Jaguar Land Rover (JLR) has revealed that a forensic investigation into the cyber attack on the company that took place on 31 August 2025 has found that data was stolen.
In a statement on its web site, the car maker said: “Since we became aware of the cyber incident, we have been working around the clock, alongside third‑party cyber security specialists, to restart our global applications in a controlled and safe manner.
“As a result of our ongoing investigation, we now believe that some data has been affected and we are informing the relevant regulators.

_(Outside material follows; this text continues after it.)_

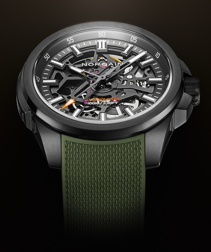 Die Independence-Kollektion umfasst Sportmodelle, die auf Innovation setzen. Gleichzeitig bringt Norqain hier sein charakteristisches modernes Design ein, das zu einem tragenden Element wird. Die für diese Kollektion charakteristischen Formen haben sowohl die Independence-Modelle mit klassischem Stahlgehäuse als auch die Wild One-Modelle, die ein geschichtetes Gehäuse aus mehreren Materialien haben. Das innere Gehäuse besteht aus Titan, das von einer Gummischicht umgeben ist, die Stöße dämpft und den Uhren gleichzeitig einen farblichen Akzent verleiht. Das äußere Gehäuse besteht aus dem Verbundmaterial Norteq.

Our forensic investigation continues at pace and we will contact anyone as appropriate if we find that their data has been impacted.
“We are very sorry for the continued disruption this incident is causing and we will continue to update as the investigation progresses.”
A group of young Anglophone hackers who call themselves “Scattered Lapsus$ Hunters” have claimed responsibility for the attack.
According to Sky News, it will be at least Monday 15 September before production staff can get back to work at what is the UK’s largest car manufacturer.
The UK cyber security community continues to offer commentary, as details of the attack emerge.
In an opinion article for Computer Weekly, Dominic Holden, a director at law firm Lawrence Stephens wrote: “The lesson from the JLR incident is simple: cyber security is no longer just an IT problem – it is a boardroom issue. Boards must demand robust planning, allocate resources and ensure rehearsals are carried out. Only then can a business minimise financial and reputational damage when an attack occurs.”
Jon Abbott, founder and CEO of cyber security software provider ThreatAware said: “The theft of data only deepens what is already a painful situation for Jaguar Land Rover. Any disruption to operations and delays to production damage a business’s brand, and the addition of stolen data only further undermines customer trust and relationships.
“Customers should be extra vigilant for phishing attacks or scams that attempt to steal their personal and financial information. If they receive unsolicited emails claiming to be from Jaguar Land Rover and asking for sensitive information, they should exercise extreme caution”.
Darren Williams, CEO and founder of anti-data exfiltration specialist supplier BlackFog said: “The Scattered Spider group has claimed responsibility and data exfiltration was a significant part of its previous attacks. Past incidents have seen attackers getting their hands on large volumes of customer information, which not only carry a value on the dark web but can also be used in identity theft and targeted attacks. Data exfiltration is now the primary [activity] of these ransomware gangs, and organisations must concentrate their defences on stopping intruders from accessing and stealing their mission-critical information.”
And Robert Cottrill, technology director at cloud security services firm ANS said: “The confirmation that data has been compromised steps up the level of severity of Jaguar Land Rover’s cyber attack. The automotive industry’s vast stores of customer, supplier, and employee data make it a prime target for cyber criminals.”